Where exactly on Pumpkinvine are  you catching these bass? I am looking for something to do during this quarantine. Is it more North towards Cartersville or more South towards Paulding? Is in on the West Fork portion? I would love to know all the specifics cause 3-4 lb spotted bass in a creek is incredible! Please reply ASAP because Pumpkinvine is so big, it can be overwhelming and its hard to know where to start.


----------



## Timbercrasher (Apr 9, 2020)

From my experience on pumpkinvine, your best bet for bass would either be on the paulding wma or at paulding meadows or other public land. Never trespass and always get permission for private land. I've fished both and was never surprised at the quality of fish. Pumpkinvine on the paulding wma has red eye and supposedly the dnr stocks rainbow trout in it. I've yet to find where they stock the fish for I have fished the Pumpkinvine everywhere on the paulding wma and haven't found them. Some folks are saying they stock them at bridges on private land. Some landowners allow this and allow people to fish there. I SERIOUSLY do not like that they do this. there's a few local places around paulding county and neighboring counties where they stock like this. My problem is that you are putting a public resource on private land. Even if all the locals know that farmer John up the road of the bridge doesn't care if people fish there, how is everyone else supposed to know that? I know of a secret fishing hole where literally just a few people on a road know about where the dnr stocks quiet a few rainbows each season. The creek is a feeder to the main creek that's listed on the stocking report. This particular spot is completely on private land. they dump them in at a bridge and there's no trespassing signs everywhere. I can only fish there because luckily my friend knows somebody who lives on the road who's buddy's with a land owner that owns land up to the bridge. this secret spot gets bi monthly stockings and is packed full of trout until the heat kills them. why? why is this spot stocked when no one can access it? Why are supposedly the trout stocked on private land on pumpkinvine creek? I have never seen or caught one out of pumpkinvine on public land (the paulding wma). sorry about the rant, but does anyone have an answer for this?


----------



## TBass89 (Jun 22, 2021)

I see that no one has posted on here in awhile, but I am a local looking to find some more good places to fish. I am interested in trying out pumpkinvine. Not sure where the best place for access is? Paulding meadows? Any information would be much appreciated! Thanks in advance.


----------



## feathersnantlers (Jun 23, 2021)

Check youtube for Pumpkinvine. Guy post on there about the Silver Comet trail fishing


----------



## Batjack (Jun 23, 2021)

feathersnantlers said:


> Check youtube for Pumpkinvine. Guy post on there about the Silver Comet trail fishing


Is that the same guy on here that does the Racoon Creek vids?


----------



## feathersnantlers (Jun 24, 2021)

Batjack said:


> Is that the same guy on here that does the Racoon Creek vids?

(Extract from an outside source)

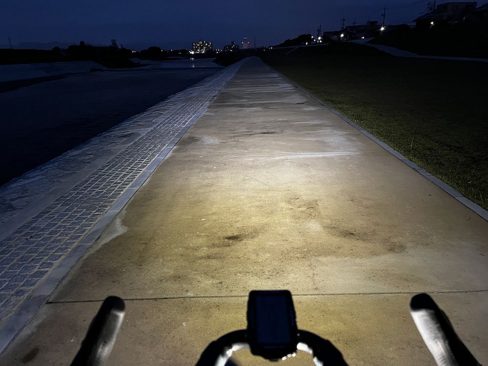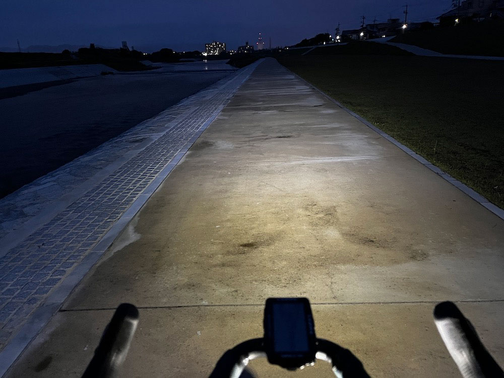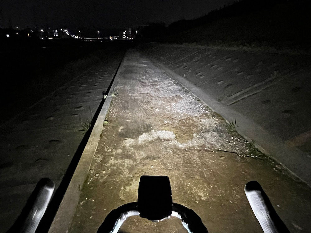 と、いきなり現れる未舗装路(河川敷あるある)にもしっかり路面の状況を捉えられる明るさでこれもいいねと思いながら進む。

I don't know, I as just googling Pumpinvine and Racoon for trout spots and saw the vids


----------



## Dupree (Jun 30, 2021)

TBass89 said:


> Ended up fishing from the Paulding Meadows area caught a bunch of small sunfish. Had fun but still curious if anyone else may have info on good access points or any other good creeks in Paulding? Thanks ahead of time for any info. See picture below alot of those nothing worth bragging about was hoping to get into some spots or smallmouth.View attachment 1088357


You won’t catch any smallmouth in there. Hopefully you don’t catch any spots.


----------



## TBass89 (Jun 30, 2021)

Dupree said:


> You won’t catch any smallmouth in there. Hopefully you don’t catch any spots.[/QUO
> 
> 
> Dupree said:
> ...


----------



## Dupree (Jun 30, 2021)

It’s a sad day when spots get caught way upstream from the etowah. Spots ruin the native ecosystem.


----------